15.11.2019, 11:32 | czytano: 5392

17-letni zakopiańczyk zadebiutuje obok Stocha, Żyły i Kubackiego. "Zawsze o tym marzyłem"

Adam Niżnik z Zakopanego został powołany przez trenera kadry narodowej na inauguracyjne zawody Pucharu Świata w skokach narciarskich w Wiśle (22-24 listopada). - Od małego, od kiedy oglądam puchar świata w telewizji, zawsze chciałem zmierzyć się z najlepszymi skoczkami - cieszy się 17-latek w rozmowie z Podhale24.pl.
Adam Niżnik to absolutny debiutant w kadrze Michał Doležal. W piątek 22 listopada wystartuje w kwalifikacjach do sobotniego konkursu, po raz pierwszy u boku największych sław polskich i międzynarodowych skoków narciarskich. Jest najmłodszy w kadrze, na co dzień jest członkiem Kadry Narodowej Młodzieżowej, ale mimo to trener kadry seniorów postanowił dać mu szansę. 17-latek z zakopiańskiej Harendy nie jest jednak tym faktem specjalnie zaskoczony. - Wiedziałem, że dobrze skaczę i że mam szansę powalczyć w Wiśle, ale starałem się o tym nie myśleć - podkreśla podopieczny trenera Wojciecha Topora.
- Bardzo się cieszę z powołania na puchar świata, ponieważ w końcu to mój pierwszy raz i od małego, od kiedy oglądam puchar świata w telewizji, zawsze chciałem zmierzyć się z nimi, teraz mam szanse. Ale właśnie chce do tych zawodów podejść z radością, i nabrać więcej doświadczenia poprzez nie - dodaje.

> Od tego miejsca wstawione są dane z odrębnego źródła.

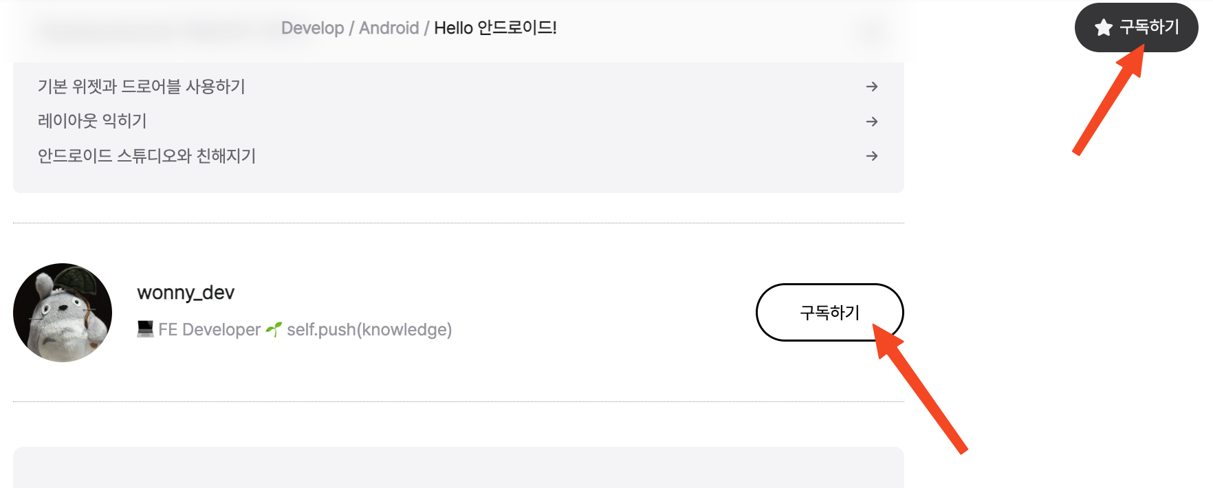 오른쪽 상단에 있는 별모양 버튼은 눌러도 아무런 동작을 안하길래 궁금했는데 원래 구독 버튼이라고 하네요!
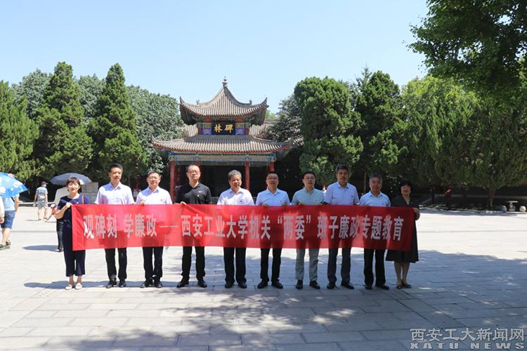 (本網訊)為進一步加強黨風廉政建設,全面履行好管黨治黨主體責任,幫助新當選的“兩委”班子成員增強政治“免疫力”、筑牢思想“防火墻”,6月29日,機關新一屆“兩委”班子成員赴西安碑林廉政教育基地開展“觀碑刻 學廉政”專題教育,校黨委副書記王軍周參加。

Adam ma już na koncie dobre występy, wśród nich m.in.: 6. miejsce drużynowo na mistrzostwach świata juniorów, tytuł Mistrza Polski juniorów, 3. miejsce drużynowo na Mistrzostwach Polski seniorów, zwycięstwo w Lotos Cup, 2. miejsce na Fis Cup, 14. miejsce w Pucharze Kontynentalnym.

Czy ma tremę przed debiutem w Wiśle? - Jak sobie pomyśle o tym, to tak, dlatego staram się o tym nie myśleć i skupiam się na treningach, to mi od razu przechodzi - przyznaje.
Adam dodaje, że w tym roku chciałby się skupić przede wszystkim na startach w Fis Cup, liczy też na start w Pucharze Kontynentalnym i oczywiście nadal będzie można go zobaczyć w Lotos Cup. - Myślę, że moja dyspozycja jest bardzo dobra. Muszę popracować jeszcze nad detalami i mam nadzieję, że dobrymi skokami rozpocznę sezon - dodaje.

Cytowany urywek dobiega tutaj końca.